##### RECORDED DATA #####
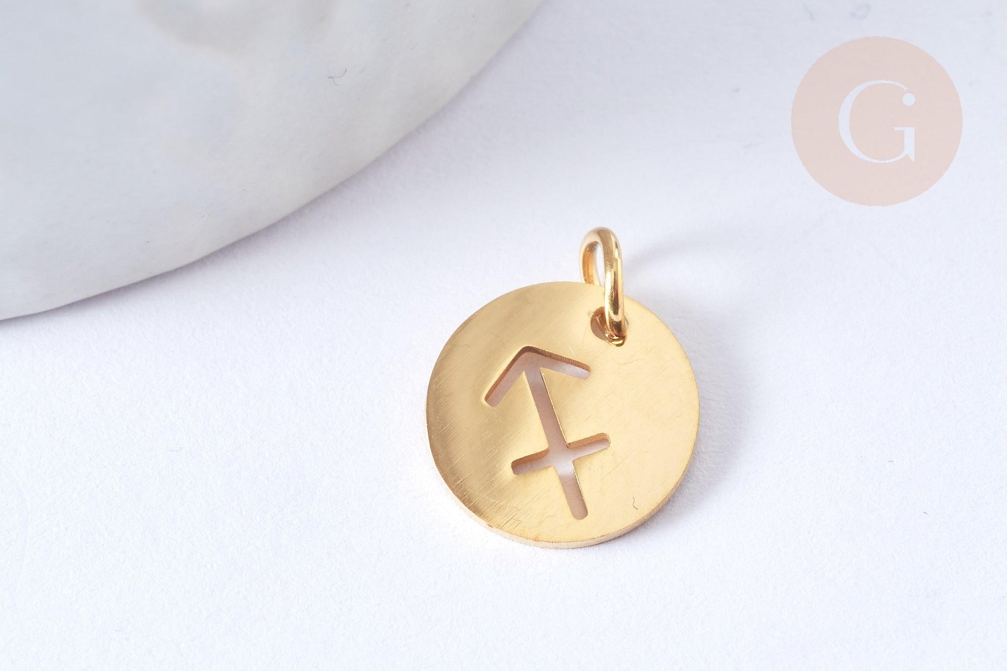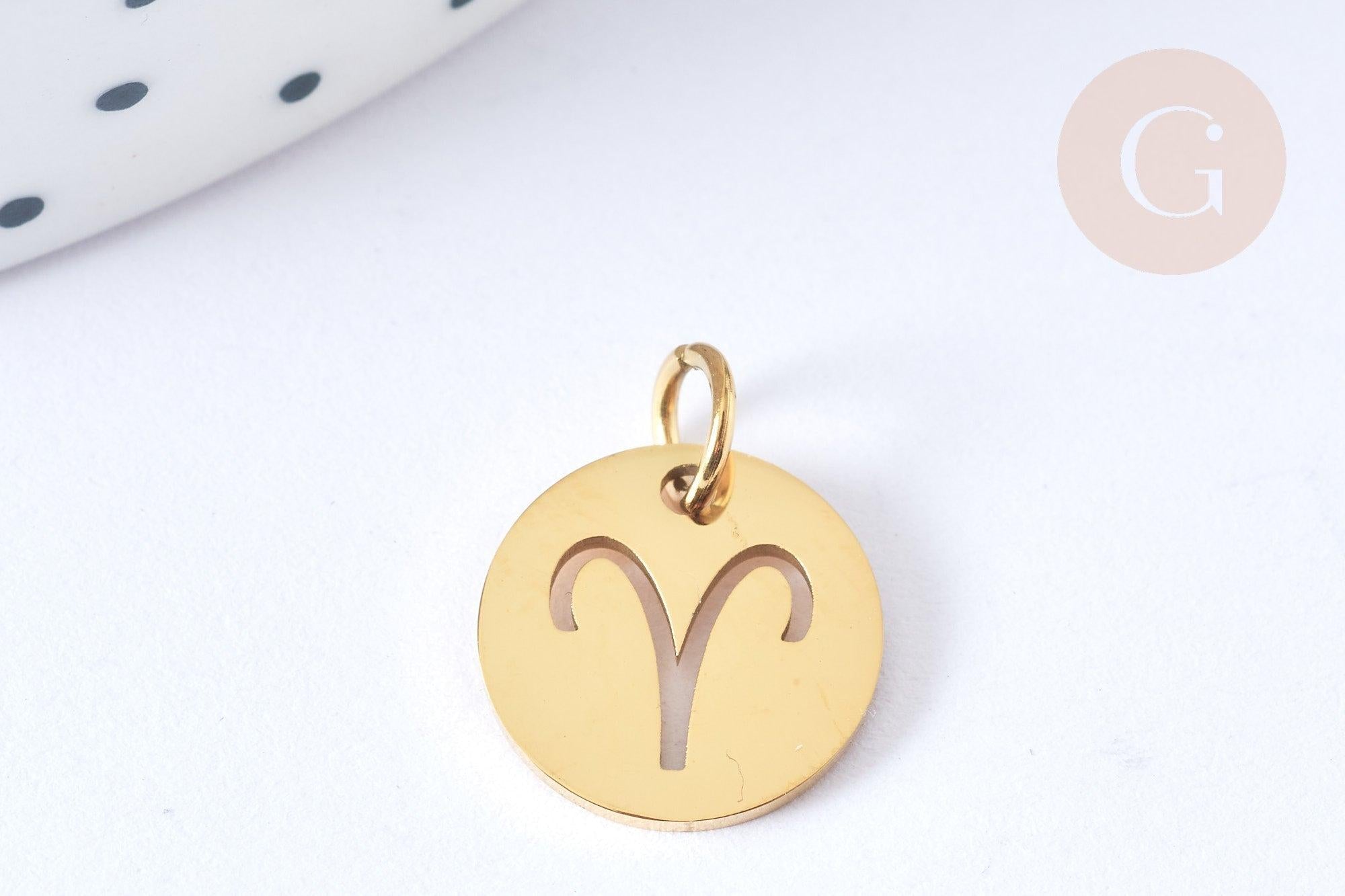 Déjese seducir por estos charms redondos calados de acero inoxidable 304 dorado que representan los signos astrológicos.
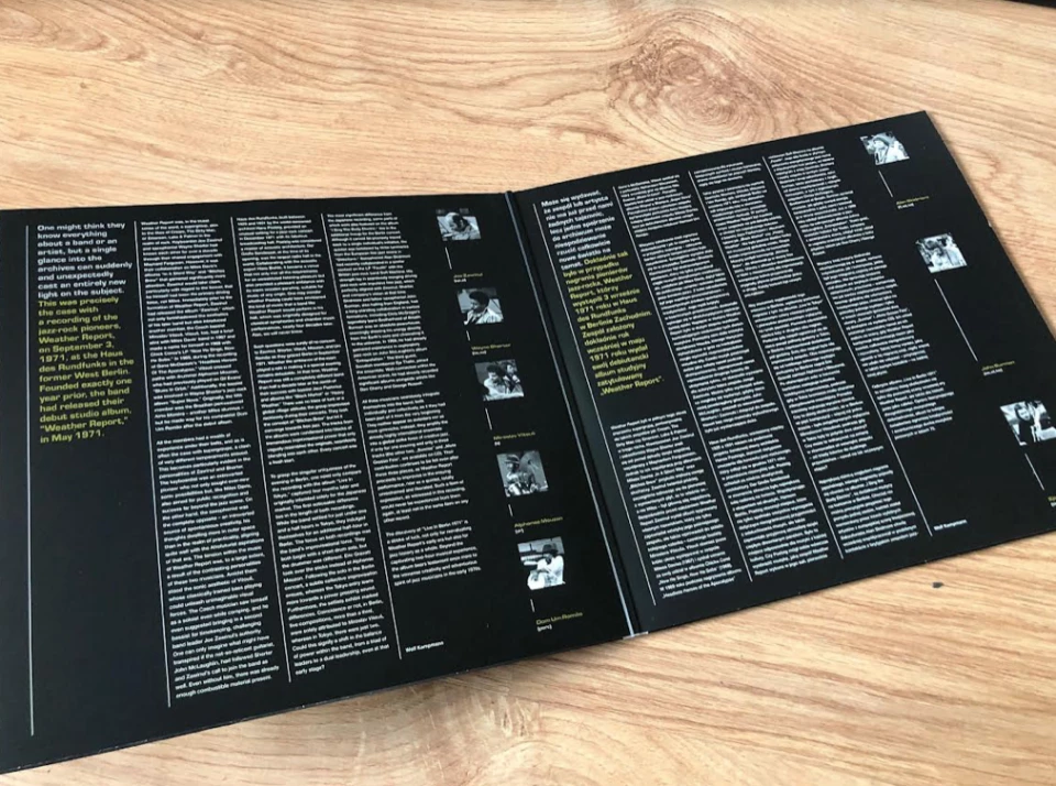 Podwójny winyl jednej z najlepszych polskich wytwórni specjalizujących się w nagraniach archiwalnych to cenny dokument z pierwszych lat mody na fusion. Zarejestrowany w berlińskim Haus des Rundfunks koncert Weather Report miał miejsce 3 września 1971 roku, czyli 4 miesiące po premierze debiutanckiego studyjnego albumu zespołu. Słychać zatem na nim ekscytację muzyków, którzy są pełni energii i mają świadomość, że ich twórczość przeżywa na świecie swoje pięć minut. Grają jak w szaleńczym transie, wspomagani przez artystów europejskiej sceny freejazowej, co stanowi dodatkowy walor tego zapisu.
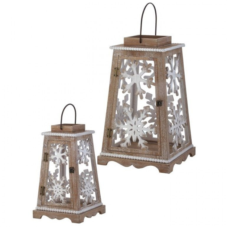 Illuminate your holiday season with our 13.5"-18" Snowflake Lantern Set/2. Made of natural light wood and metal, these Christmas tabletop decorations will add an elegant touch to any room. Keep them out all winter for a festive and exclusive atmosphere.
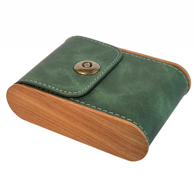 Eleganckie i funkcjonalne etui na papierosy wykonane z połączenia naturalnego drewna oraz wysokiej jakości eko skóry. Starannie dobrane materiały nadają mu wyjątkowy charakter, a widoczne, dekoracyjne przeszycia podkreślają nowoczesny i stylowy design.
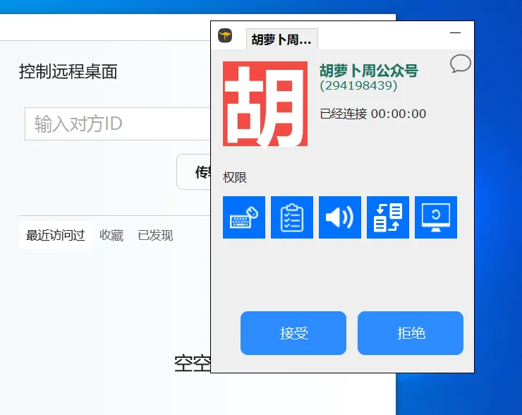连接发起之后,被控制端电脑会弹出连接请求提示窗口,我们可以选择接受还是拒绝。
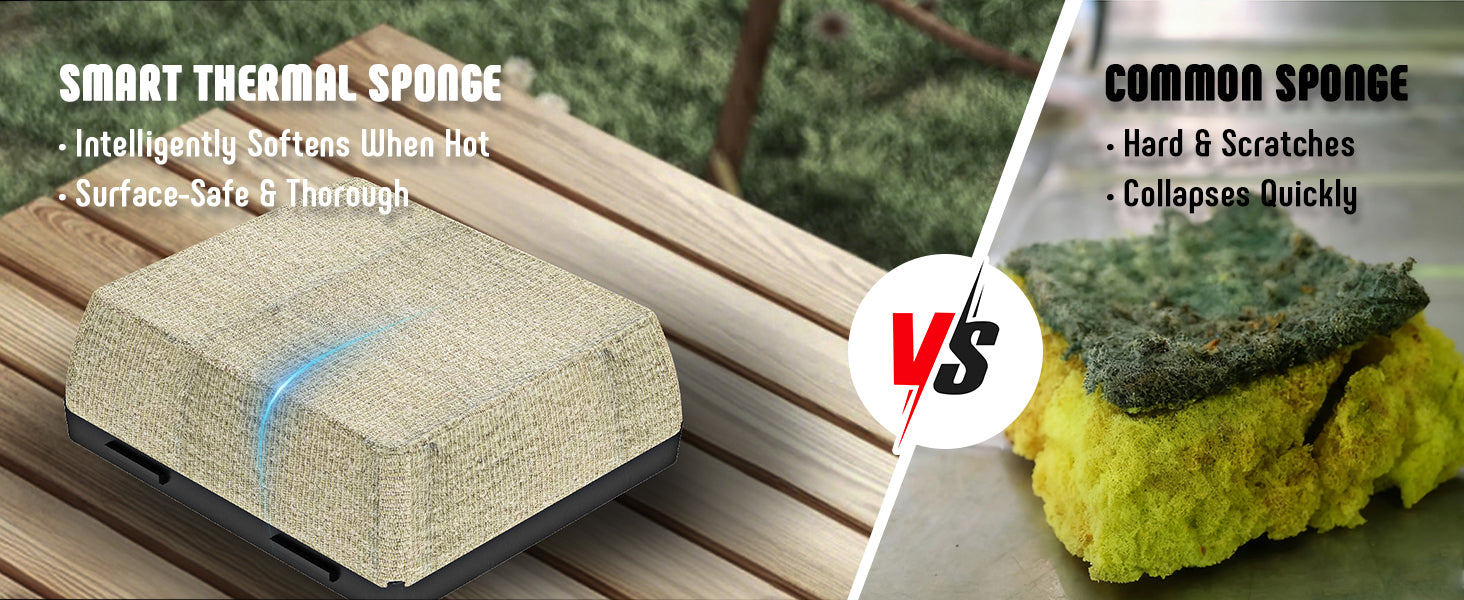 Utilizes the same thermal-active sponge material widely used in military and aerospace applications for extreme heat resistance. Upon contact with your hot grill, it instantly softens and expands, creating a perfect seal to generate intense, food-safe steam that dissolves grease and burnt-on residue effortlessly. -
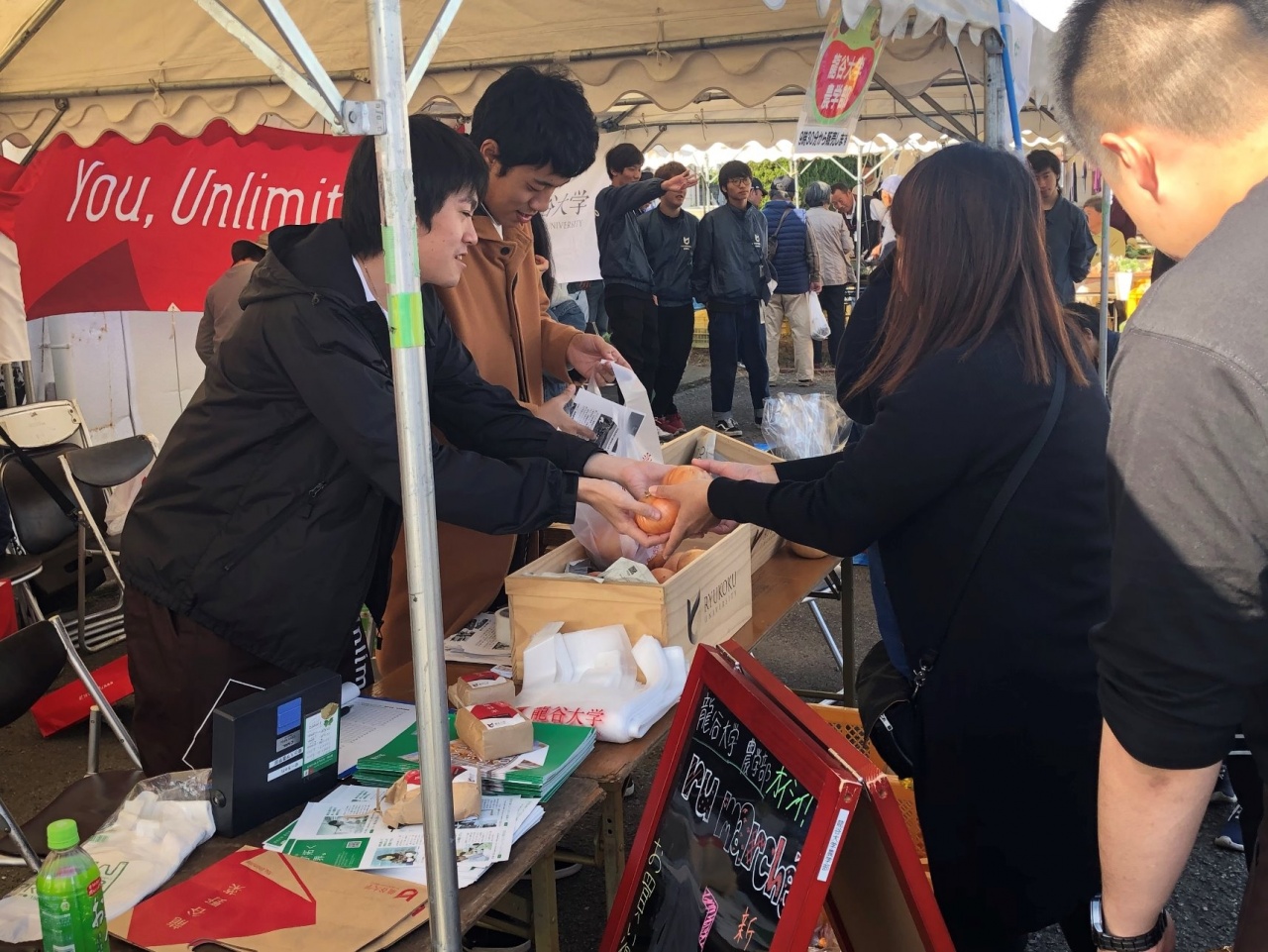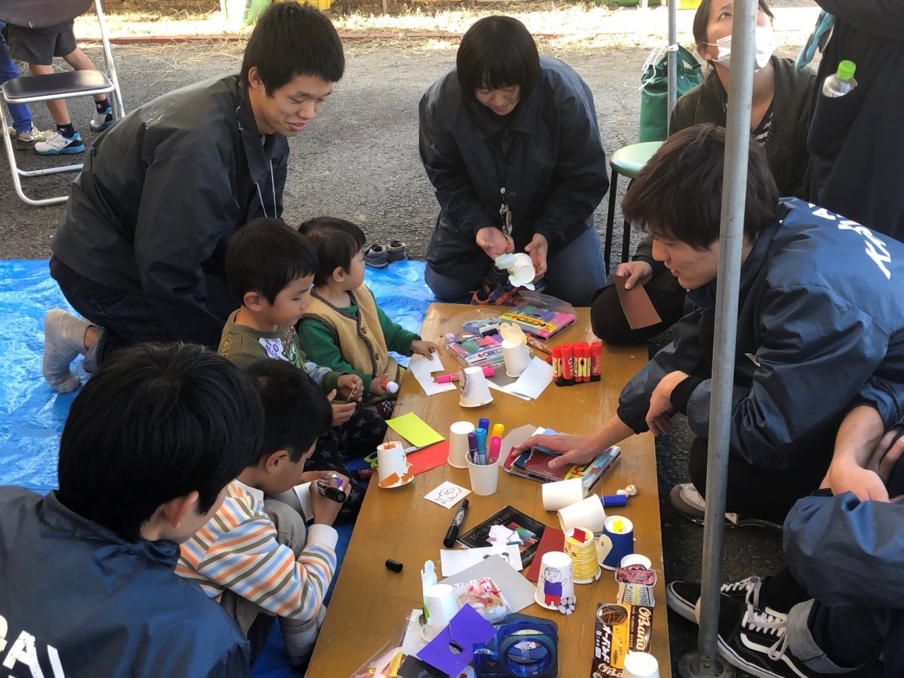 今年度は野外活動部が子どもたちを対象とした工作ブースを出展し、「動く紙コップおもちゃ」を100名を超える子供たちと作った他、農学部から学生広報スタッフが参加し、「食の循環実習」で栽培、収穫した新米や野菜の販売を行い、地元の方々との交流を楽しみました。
#####
— PROBLEM —
Write out only the lines from the line containing "Eleganckie i funkcjonalne" through the end of the material above, both end lines included. Pictures are not written out.

— ANSWER TO THIS PROBLEM —
 Eleganckie i funkcjonalne etui na papierosy wykonane z połączenia naturalnego drewna oraz wysokiej jakości eko skóry. Starannie dobrane materiały nadają mu wyjątkowy charakter, a widoczne, dekoracyjne przeszycia podkreślają nowoczesny i stylowy design.
连接发起之后,被控制端电脑会弹出连接请求提示窗口,我们可以选择接受还是拒绝。
 Utilizes the same thermal-active sponge material widely used in military and aerospace applications for extreme heat resistance. Upon contact with your hot grill, it instantly softens and expands, creating a perfect seal to generate intense, food-safe steam that dissolves grease and burnt-on residue effortlessly. -
 今年度は野外活動部が子どもたちを対象とした工作ブースを出展し、「動く紙コップおもちゃ」を100名を超える子供たちと作った他、農学部から学生広報スタッフが参加し、「食の循環実習」で栽培、収穫した新米や野菜の販売を行い、地元の方々との交流を楽しみました。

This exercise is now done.